**Problem:** Exact copy, no pictures: return only the lines below from the line with "- 板状阳极通常为矩形平板结" up to and including the line with "用户点击后,会提示安装所谓的".

**Provided entries:**
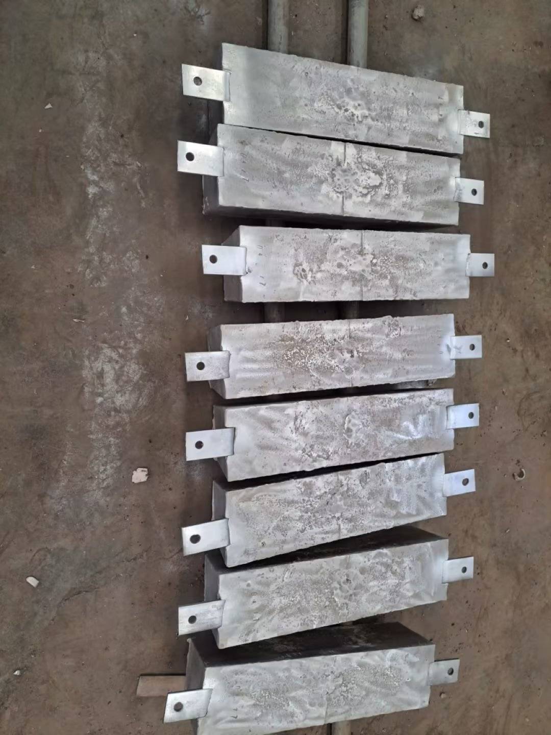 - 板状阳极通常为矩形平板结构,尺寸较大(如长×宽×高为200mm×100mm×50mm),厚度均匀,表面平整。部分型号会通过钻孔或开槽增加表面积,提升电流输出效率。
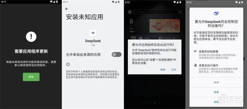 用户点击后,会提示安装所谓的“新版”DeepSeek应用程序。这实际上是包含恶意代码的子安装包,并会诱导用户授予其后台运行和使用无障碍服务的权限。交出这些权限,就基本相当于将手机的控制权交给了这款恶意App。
--
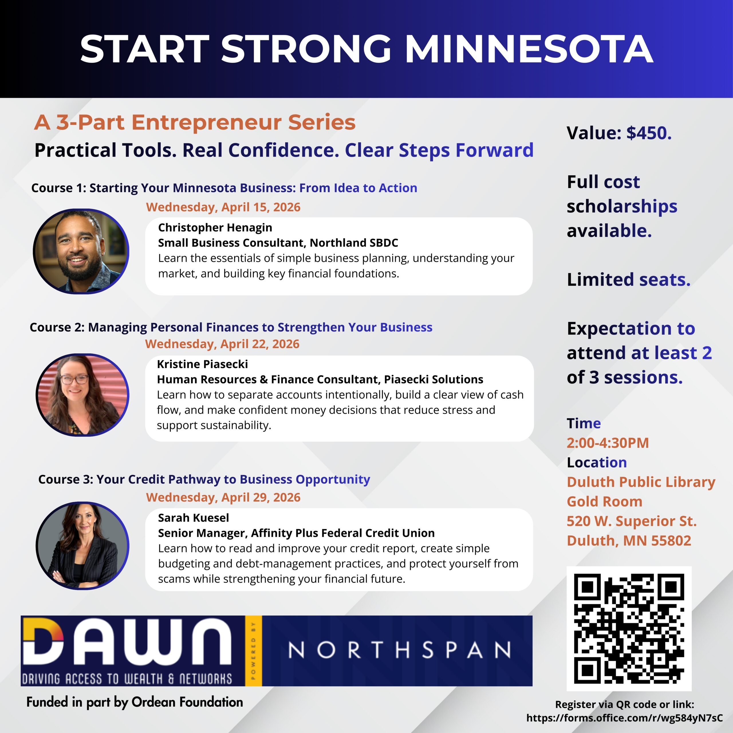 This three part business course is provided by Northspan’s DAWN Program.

**Answer area:**
 - 板状阳极通常为矩形平板结构,尺寸较大(如长×宽×高为200mm×100mm×50mm),厚度均匀,表面平整。部分型号会通过钻孔或开槽增加表面积,提升电流输出效率。
 用户点击后,会提示安装所谓的“新版”DeepSeek应用程序。这实际上是包含恶意代码的子安装包,并会诱导用户授予其后台运行和使用无障碍服务的权限。交出这些权限,就基本相当于将手机的控制权交给了这款恶意App。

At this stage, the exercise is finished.